Di contro, ovviamente, sono gli ospiti a recitare il ruolo dei leoni. In uno stadio dove anche un sussurrio genera rumore amplificato è facilmente immaginabile come canti, manate e cori a rispondere possano rimbombare veementi. Volendo dare un giudizio più “tecnico” c’è da dire che il settore ospiti parte un pochino a rilento, impiegando un po’ di tempo per sistemarsi e prendere le misure del proprio spazio. Forse, mi permetto di dire, il posizionamento dei gruppi nell’anello superiore avrebbe giovato di più alla coordinazione del tifo (se non altro perché il secondo anello era occupato da più persone). Di certo l’avvio catastrofico della Roma non aiuta molto. I giallorossi dopo 37 minuti sono già sotto per 2-0 grazie alle reti di Hazard e David Luiz. Ci pensa un gran gol di Kolarov prima dell’intervallo a riaccendere le speranze e far mettere definitivamente in moto il settore ospiti.
Nella ripresa è infatti un monologo romanista. In campo e sugli spalti. Una Roma autoritaria riesce addirittura a ribaltare il risultato con una doppietta di Dzeko, provocando due tra le più belle esultanze viste negli ultimi anni. Hazard pareggia nel finale, stabilendo il risultato sul 3-3. Ma ormai il sostegno vocale dei supporter capitolini è lanciatissimo e non ne risente. Si vede che la conformazione dello stadio fomenta e inietta nelle vene la voglia di cantare e urlare. Si percepisce che lo stare attaccati al terreno di gioco può influire ancor più sull’andamento della partita. E non ci si fa sfuggire l’occasione.
A fine gara gli applausi sono tutti per la squadra allenata da Eusebio Di Francesco, che va a raccogliere i complimenti dai propri tifosi ancora impegnati nell’esecuzione di “Don’t take me home”, hit del momento per la Curva Sud.
Tempo di respirare le ultime sensazioni, mentre lo stadio si è completamente svuotato e i giardinieri sistemano meticolosamente le zolle, e anche per me è tempo di lasciare Stamford Bridge. 
Mi imbatto in una coda infinita davanti all’entrata dell’Underground.
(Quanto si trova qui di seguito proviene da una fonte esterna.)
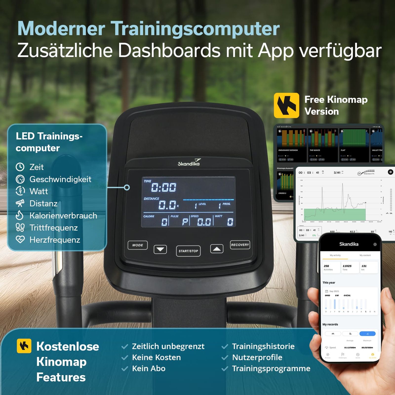 - Bluetooth-Verbindung und 60 Tage kostenloses Kinomap-Abo
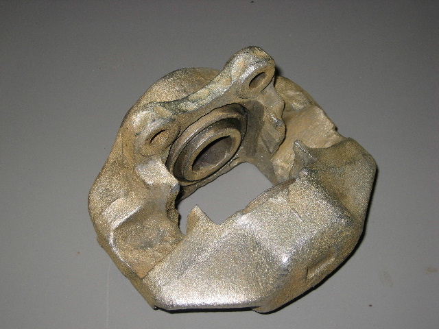 Here the part is coated in Zinc, there is however poor coverage to some of the area around the bolt holes and further inside the piston housing area, after reading several forums, it seems to suggest that using a fish tank aerator to agitate to the solution will help get a more even coverage. |
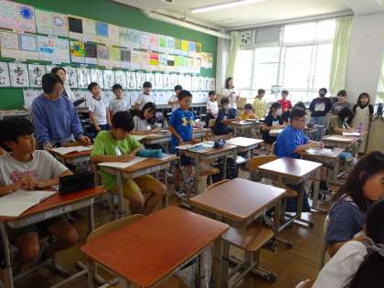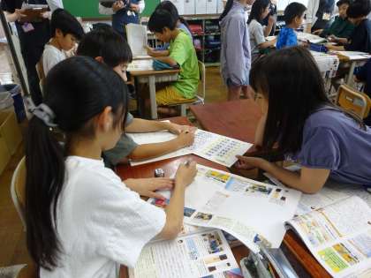 子ども司会で、子どもたち同士で学び合いながら学習を進めていくことを目指している梅小路小学校。今回は、6年生の子どもたちが授業をしている様子を5年生が見学に来ました。「6年生は10分でこんなに資料の読み取りができるんだな。」「ぼくたちもこんなふうに司会ができるようになりたいな。」など、6年生の姿が、5年生たちにいい刺激を与える機会となりました。

Tanto da optare per un autobus. Ci sono ancora tanti tifosi italiani in giro sebbene la pioggia abbia iniziato a bagnare copiosamente Londra. Devo attendere l’alt di Giove Pluvio per potermi incamminare verso Finchley Road e riprendere un autobus in direzione aeroporto. È notte fonda e per le strade ormai non v’è anima. Posso soltanto frazionare il mio sonno tra pullman e aereo prima di rimettere piede sul suolo patrio. Dove fortunatamente mi accolgono sole e caldo.
Simone Meloni.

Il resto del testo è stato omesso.